Our mission is to help entrepreneurs thrive by giving them the capital and resources they need. This model gives us powerful new data that we will be able to share with the entrepreneurs to help them grow. Not only are we now able to tell these entrepreneurs which of their products are predicted to grow the most, but we can also tell them which retailers will contribute most to their growth. This will allow them to target certain retailers over others and use our predictions to take their growth into their own hands.
We’ve touched a bit on the benefits here, but with the new model we can look at the predicted door growth of companies and the predicted door growth of every product that company owns. Investors can use this data to make targeted investments in the brands with growth patterns that meet their hypotheses. This is often, but not always, the highest growth companies. Some investors actually like investing into companies where they aren’t expected to expand distribution – with the hypothesis they can add value by fueling that distribution themselves. This model allows investors to pick companies with a predicted growth that works for them.
Buyers at retailers have hundreds, and sometimes thousands, of brands vying for their attention and trying to capture shelf space in their stores. Often times, it can be hard to tell the difference between these products and difficult to determine why one might grow more than another. They typically have very little data, and none of it is predictive. The new model would allow retailers to immediately determine which brands and products have the highest growth potential and select those products for their shelves.
As often happens with Helio, we also expect to see these insights applied in ways that we might not anticipate yet.
A view of the future
In December of last year, our CEO Ryan wrote a post about where Helio is today and discussed some of our platform’s limitations.

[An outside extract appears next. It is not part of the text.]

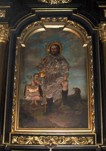| Keywords: Katedra bydgoska - obraz św Rocha.jpg pl Obraz św Rocha 1841 r w srebrnej sukience; obok niego aniołek trzymający chustę z napisem eris in peste patronus będziesz opiekunem podczas zarazy own Pit1233 2011 Cc-zero Altar of St Roch in the Bydgoszcz Cathedral |

He made mention of the Gartner framework for analysis, included below.
At that time of the post, Ryan noted that Helio was very good at descriptive and diagnostic analytics, but was not as strong at predictive and prescriptive analytics. While we still have room to grow, we think the new Future Distribution Model is a big step towards being able to describe what will happen and effect how it will happen at scale.
We look forward to sharing more outputs of this model with you in the near future and continuing to build Helio to predict and prescribe other factors that are important to entrepreneurs, investors, and retailers.